Problem:
Take the listing below and output it exactly, with no images.

Recorded information:
-------------------------

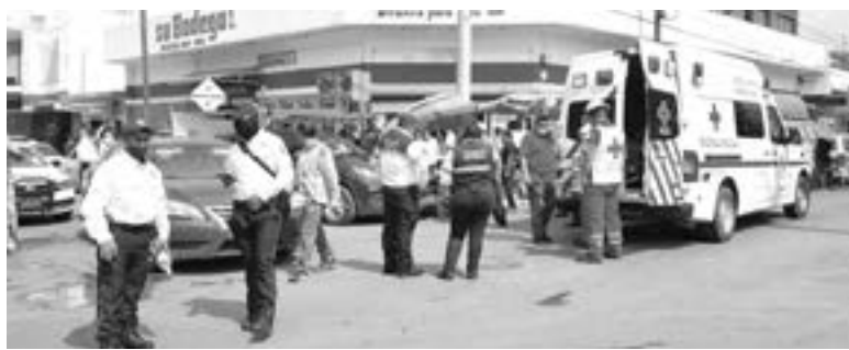
PERSONAL DE Cruz Roja, atendió la emergencia
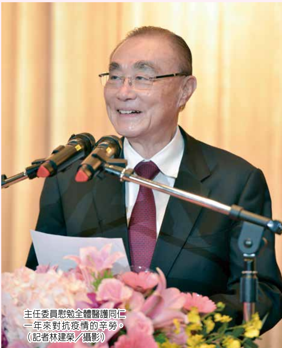
主任委員慰勉全體醫護同仁一年來對抗疫情的辛勞。

院及榮家，提升醫療技術及照護品質，並成功完成了全部十五所分院導入中榮資訊系統的不可思議任務，同時積極發展智慧醫療，建立友善的醫療環境，提升醫療服務品質，去年二度獲得醫療智慧醫院全機構獎，對中榮在智慧醫療領域長期耕耘，逐漸開花結果表達肯定。 主任委員指出，中榮在疫情期間仍不忘與國際接軌，派遣常駐醫師支援友邦（諾魯）國際醫療及協助防疫，並響應政府「以人為本」的新南向政策，持續與多國簽署合作備忘錄，醫療資源共享，辦理多場視訊研討會進行跨國交流，也促進友邦在國際持續為臺灣發聲，積極爭取臺灣擴大參與國際組織的機會。 高雄榮總醫師節慶祝大會與三十周年院慶共同舉行，主任委員蒞會指出，醫學界要團結，現今醫護人員資源短缺，高榮未來應與大學合作，培養與時俱進的新世代優秀醫師，培育更多未來的醫護人員。對於高雄榮總積極配合輔導會政策，推動金字塔三級整合計畫，精進榮家門診醫療服務及設施，整體提升榮家及榮院之醫療照護品質，主任委員也表示肯定。

-------------------------

Solution for this exercise:
PERSONAL DE Cruz Roja, atendió la emergencia
主任委員慰勉全體醫護同仁一年來對抗疫情的辛勞。

院及榮家，提升醫療技術及照護品質，並成功完成了全部十五所分院導入中榮資訊系統的不可思議任務，同時積極發展智慧醫療，建立友善的醫療環境，提升醫療服務品質，去年二度獲得醫療智慧醫院全機構獎，對中榮在智慧醫療領域長期耕耘，逐漸開花結果表達肯定。 主任委員指出，中榮在疫情期間仍不忘與國際接軌，派遣常駐醫師支援友邦（諾魯）國際醫療及協助防疫，並響應政府「以人為本」的新南向政策，持續與多國簽署合作備忘錄，醫療資源共享，辦理多場視訊研討會進行跨國交流，也促進友邦在國際持續為臺灣發聲，積極爭取臺灣擴大參與國際組織的機會。 高雄榮總醫師節慶祝大會與三十周年院慶共同舉行，主任委員蒞會指出，醫學界要團結，現今醫護人員資源短缺，高榮未來應與大學合作，培養與時俱進的新世代優秀醫師，培育更多未來的醫護人員。對於高雄榮總積極配合輔導會政策，推動金字塔三級整合計畫，精進榮家門診醫療服務及設施，整體提升榮家及榮院之醫療照護品質，主任委員也表示肯定。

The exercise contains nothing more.